As Swedish industry transitions toward fossil-free production, the demands for power, capacity, and smarter energy use are increasing. In the AIDE project – Advanced Industry, Digitalization, and Electrification – four partners are collaborating to develop solutions that make industry more electricity-flexible and competitive.
The project is led by GKN Aerospace, Trollhättan Energi, University West, and Innovatum Science Park. Magnus Kuschel, Innovation Manager at Innovatum Science Park, is responsible for driving the project forward. With a PhD in Informatics and experience from both Volvo Group and Stanford University, he describes the project as “the starting point for something much bigger.”
The Industry Challenge: Capacity Shortages and Power Peaks
Electrification is advancing rapidly – but the risk of capacity shortages in Swedish power grids is preventing companies from expanding.
Magnus explains:
– In Western Sweden, we already see clear cases of capacity shortages. Companies that want to grow are not always granted new grid connections. This is not just a strategic issue, it is a daily obstacle.
At the same time, factories are filled with advanced machines that are rarely connected or coordinated through production planning. This leads to unnecessary power peaks and underutilized capacity.
– When all machines start at 07:30, we get, put simply, completely unnecessary power peaks. One machine runs at an unnecessarily high load while another is idle – there is potential for flexibility instead of traditional ways of planning production.

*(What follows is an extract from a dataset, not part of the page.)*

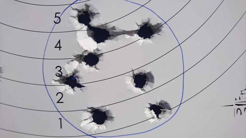 Se obtiene una agrupación aceptable de 8 impactos pero baja. Apuntando al pié de negro.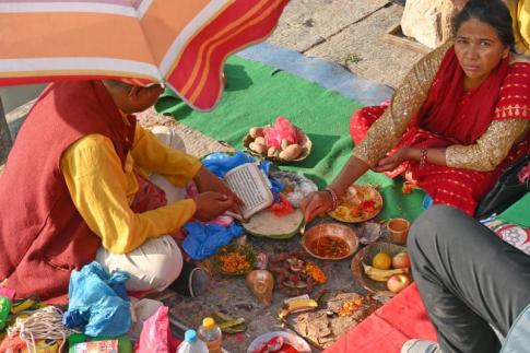 A halottégetési szertartás a Bagmati folyó partján zajlik, amely a Gangeszbe ömlik. Előzetesen több blogbejegyzést is átolvastam, amelyek a sercegő hús hangjáról, valamint az égett haj és köröm szagáról írtak meglehetősen hátborzongató részletességgel, így mindenre felkészülve érkeztünk a csendesen folydogáló folyó mellé. Végül kiderült, hogy a látvány közel sem olyan rémisztő, mint ahogy azt a beszámolók sugallták. A farönkökből összeállított máglya és a közé helyezett szalma teljesen eltakarja a holttestet. A szertartás legvégét – amikor a hamvakat és a parázsló farönköket a folyóba tolják – már nem vártuk meg, de azt a részt igen, amikor a meztelen holttest végtagjait megmossák a Bagmati vízében. Ez európai szemmel egészen bizarr élmény, a hinduk számára viszont annyira természetes, hogy még a gyerekeket is magukkal hozzák a szertartásra.

AIDE’s Solution: Electricity Flexibility through a New Level of Data Sharing
Within the AIDE project, sensors are installed on machines and furnaces, data is shared, and production planning can account for dynamic power demand. The goal is to orchestrate production – not just within a single factory, but across multiple operations within the same industrial area.
– The project was initiated to help manufacturing companies both identify and manage their power peaks. In one way, we address this machine by machine, and in another, one industrial area at a time. This allows local challenges to meet regional conditions while strengthening competitiveness and contributing to sustainable development.
The work is carried out both on the factory floor and from a broader industrial area perspective, creating two levels of impact:
- Improved internal productivity and flexibility
- Greater system-level benefits in local power grids
– It’s about moving from thinking in silos to thinking in systems-of-systems. Factories represent one system level, the industrial area another, and the city a third. When digitalization enables data exchange, the benefits increase dramatically.

Unique Collaboration Enables Holistic Solutions
AIDE is based on collaboration between industry, energy providers, academia, and innovation environments. This makes it possible to test solutions to complex problems directly where they arise.
– It’s a bottom-up approach. We leverage digitalization where operations actually exist – in the machines, with the operators, and in production.
This interdisciplinary approach means the project delivers not only technology but also new ways of working. University West contributes research, work-integrated learning, and skills development; Trollhättan Energi provides the grid perspective; and GKN contributes industrial needs.
A Scalable Method for All of Sweden
The project has developed a five-step model that makes electricity flexibility practically achievable:
- Mapping potential
- Prioritization based on power impact and cost/revenue
- Installation of sensors and data collection
- Testing, validation, and calibration
- Measurement, control, and real-time optimization
– Of course, many details are involved, and co-development is essential at every step. At the same time, we already have several examples showing improvements well above ten percent, and even greater gains in released capacity. This is both scalable and exportable.
The model makes it easier for other companies to adopt similar approaches and directly strengthens the competitiveness of Swedish industry.
Technology + Teamwork = Implementable Innovation
Magnus also emphasizes that organizational trust is just as important as technology:
– Facts are facts, but without relationships, there is no implementation. Industrial areas have a natural level of trust that allows us, through digitalization, to break down barriers more quickly and create real system benefits.
Looking five to ten years ahead, Magnus believes projects like AIDE will transform how industry plans both production and energy use.
– We haven’t even seen all the possibilities yet. But the potential is enormous – for competitiveness, sustainability, and export. It will require both hard and smart work, but the opportunities are in our hands.
The work within AIDE demonstrates that collaboration and advanced digitalization are key to enabling Sweden to manage electrification, strengthen industry, and reduce climate impact at the same time.

Project facts
Project name: AIDE – Advanced Industry, Digitalization and Electrification
Partners: GKN Aerospace, Trollhättan Energi, University West, and Innovatum Science Park
Budget: SEK 983,009 (government funding)
Funder: Vinnova – Advanced Digitalization – Electrification
(Call: Advanced Digitalization for Industrial Electrification)
Purpose: To create value by linking sensor data from the factory floor to strategic, tactical, and operational decision-making for industrial electrification.